Thank you card to in-laws

posted 2 years ago in Etiquette
Post # 2
716 posts
Busy bee

I’m curious if others will say that a thank you card for parents is typical.  I would think that it would be more natural to say thank you and express your appreciation in an actual in person conversation.  It seems to me that notes are more appropriate for people that you are farther removed from / speak to less often.


Post # 3
7019 posts
Busy Beekeeper
  • Wedding: November 1999

Cheekygeek123:  I assume your fiance is writing his own, because if it was from both of you it should be written by him.

Anyway, I’d say something along the lines of, “Thank you for your generous gift. It means so much to me that you are supporting us like that, and I’m so happy to be joining your family”… and not a lot more than than that.

Call them whatever you call them now. That’s what I’d expect from my daughter’s bf, and I’d be slightly weirded out if he called me “Mum” (Australian for “Mom”) before they married.

Post # 5
1566 posts
Bumble bee
  • Wedding: May 2014

Dear Mr. & Mrs. FPIL,

Your son, FI, and I deeply appreciate your support as we plan our wedding. You have raised your son to be the man with whom I will be spending the rest of my life. He is truly my other half, and that is due to much of the upbringing you gave him. Thank you again for the spiritual, physical, and financial support you have given us as we prepare in forging our life together.

We hope that the wedding itself will only be a precurssor to the years of happiness and love we anticipate in the future.

Thank you,


Post # 6
4402 posts
Honey bee
  • Wedding: September 2010

I agree with you that he should write the card. 

Still, if that’s not going to happen, I don’t think it’s that hard a card to write. 

1) Just call them what you yourself normally call them (I know it’s weird, though, because you’ll sign it from both of you — you could always do “Mr. and Mrs XYZ/Mom & Dad”).

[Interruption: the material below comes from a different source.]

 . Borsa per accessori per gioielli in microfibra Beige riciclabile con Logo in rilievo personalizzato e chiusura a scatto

2) As for what to say, don’t overthink it. Just say what you are feeling — probably that you are so grateful for their generosity and their kindness to you, and that you are looking forward to the wedding so much. 

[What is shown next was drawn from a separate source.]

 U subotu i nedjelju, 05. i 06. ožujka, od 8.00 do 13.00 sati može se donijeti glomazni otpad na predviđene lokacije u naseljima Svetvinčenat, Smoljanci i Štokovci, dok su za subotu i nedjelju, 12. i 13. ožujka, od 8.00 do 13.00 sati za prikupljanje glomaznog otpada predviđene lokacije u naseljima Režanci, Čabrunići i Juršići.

But yeah… he shouldn’t be dumping this on you!

Post # 7
7019 posts
Busy Beekeeper
  • Wedding: November 1999

Cheekygeek123:  Honestly, I don’t understand the logic of you writing the card from both of you. The only reason I can think of is a really sexist one, like weddings are for women so the gift is really to you.

Post # 8
1352 posts
Bumble bee

Seems simple to me, something along the lines of “thank you so much for your generous support, we’re excited for the big day and our future together.” I would just use their first names.

Post # 9
42082 posts
Honey Beekeeper
  • Wedding: November 1999

Let’s not make a big deal about this. It’s a simple thank-you note for their generous contribution to the wedding.  You write a couple of lines. He writes a couple of lines. Done.

Post # 10
2414 posts
Buzzing bee
  • Wedding: February 2015

jamb:  I wrote my mum a thank you card after my shower.  I see her all the time.  I, obviously, thanked her in person on the day of.  I even mailed it.  I notice she has it tucked in a holder with her important papers (and I took the entire inside and back of the card to write it all.)  I don’t think it’s weird. 

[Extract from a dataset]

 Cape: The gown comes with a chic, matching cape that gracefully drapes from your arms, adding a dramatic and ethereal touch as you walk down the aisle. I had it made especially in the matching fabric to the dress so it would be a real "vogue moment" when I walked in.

Cheekygeek123:  You could write separate cards, or separate notes on the card from each of you. We went the separate note way for a gift from his parents.  He called them mum and dad, I used their first names.  I just expressed my gratitude for their generous gift and for making me feel like part of the family right from the start.  And I closed with how excited I was to see them and celebrate at the wedding.